US Alerted France of Russian Cyber Attacks During Presidential Election

The U.S. informed French officials that Russia had hacked France’s computer networks during the country’s presidential election before the cyber attacks became public, a U.S. national security official told Congress Thursday.

“We had become aware of Russian activity,” National Security Agency Director Admiral Mike Rogers testified before the Senate Armed Services Committee. “We had talked to our French counterparts and gave them a heads up,” Rodgers said. He added the U.S. offered to help French officials.

France’s Macron targeted

France’s election campaign commission said Saturday “a significant amount of data,” some of it likely fake, was leaked on social networks after a cyber attack on the presidential campaign of centrist candidate Emmanuel Macron.

The leak came 36 hours before France’s runoff election Sunday in which Macron beat far right candidate Marine Le Pen.

French election officials said the leaked data apparently came from the computer systems and email accounts of Macron and some of his campaign managers.

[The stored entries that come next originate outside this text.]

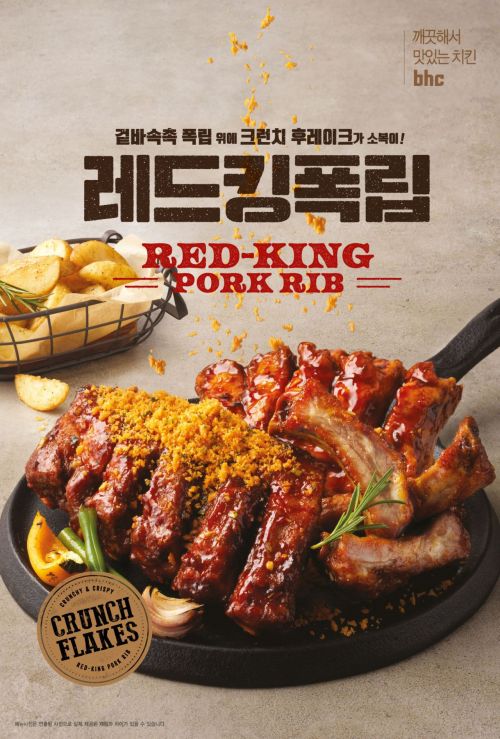 레드킹폭립은 bhc치킨의 제품 기술력을 폭립(돼지고기 등갈비를 양념해 오븐에 구운 요리)에 적용한 이색 후라잉 메뉴로, 오븐 구이한 폭립을 튀겨내 레드킹 소스와 버무린 후 크런치 후레이크를 토핑해 매콤함과 바삭한 풍미가 어우러지는 메뉴다. 특히 폭립의 살코기 부분은 bhc치킨만의 배터믹스로 파우더링 한 후 튀겨내 기존 오븐식으로 조리한 폭립 대비 겉바속촉(겉은 바삭하고 속은 부드럽고 촉촉한)의 식감이 특징이다.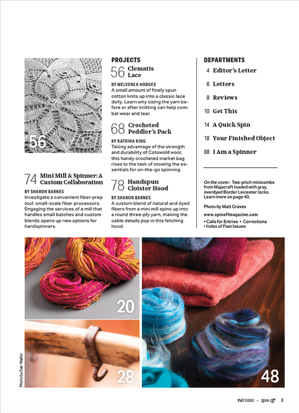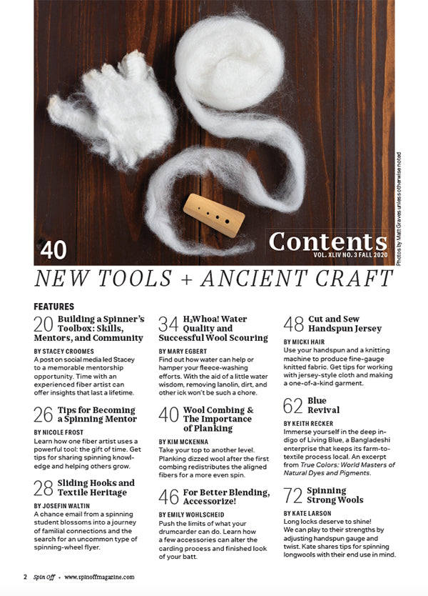 Feed your creativity with handspinning tools both old and new in the Fall 2020 issue of Spin Off, our Ancient Craft, New Tools issue. Learn why planking combed top helps you spin more evenly. Explore the fiber-processing advantages of enlisting the help of a mini mill. Plus, get tips for making jersey-style cloth with your handspun using a knitting machine.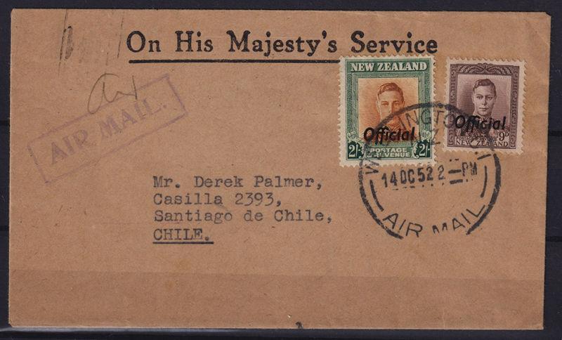 1952 (14OC) OHMS Small Cover with 2/- & 9d Officials tied by Wellington Airmail cancel to CHILE. No backstamp. Good Destination Item (1)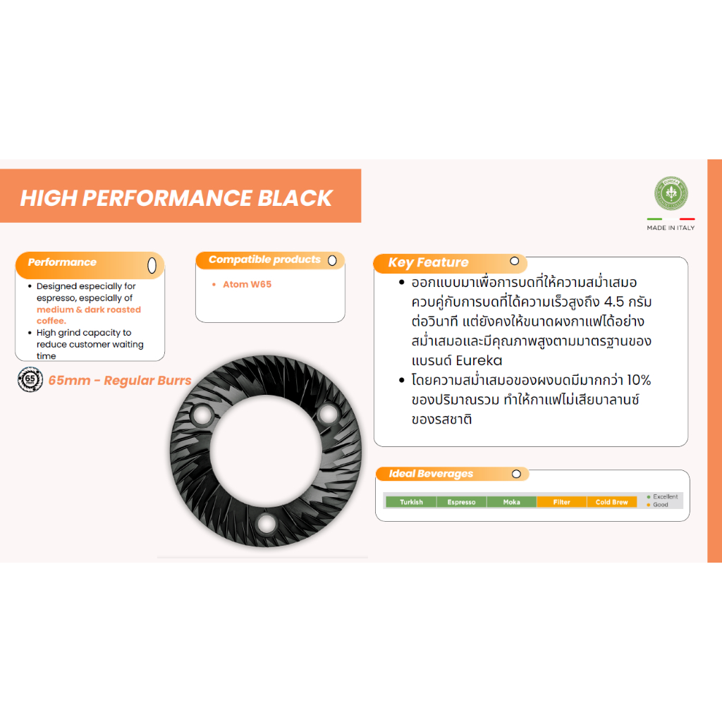 – ออกแบบมาเพื่อการบดที่ให้ความสม่ำเสมอ ควบคู่กับการบดที่ได้ความเร็วสูงถึง 4.5 กรัมต่อวินาที แต่ยังคงให้ขนาดผงกาแฟได้อย่างสม่ำเสมอและมีคุณภาพสูงตามมาตรฐานของแบรนด์ Eureka

Rogers compared the cyber attacks on Macron’s campaign to those in the U.S. on the Democratic National Committee and a close aide to Democratic presidential candidate Hillary Clinton before the November presidential election that was won by Donald Trump.

Evidence points to Russia

U.S. intelligence agencies have concluded they have evidence Russia was responsible for the hacks.

Rogers also testified there has been no reduction in the volume of attempted Russian cyber attacks and said the U.S. needs to take tough action against nations that attempt to undermine American democracy.

To do so, Rogers said the U.S. must continue to develop a comprehensive cyber policy and improve its ability to defend itself in the cyber domain.

Senate Armed Services Committee Chairman John McCain agreed improvement is needed and criticized the Trump administration for failing to meet its self-imposed 90-day deadline for devising a cyber security strategy.

“While inaction from the executive branch has been disheartening, this committee has not stood still,” McCain said. McCain added the committee has adopted more than 50 provisions over the past four years that were designed to enable the Defense Department to “deter and defend against threats in cyber space.”

France’s primary cyber security agency, known by the French acronym ANSII, has declined to react to Rogers’ testimony.

Russia continues to deny allegations it is responsible for cyber attacks with the intent to interfere in foreign elections.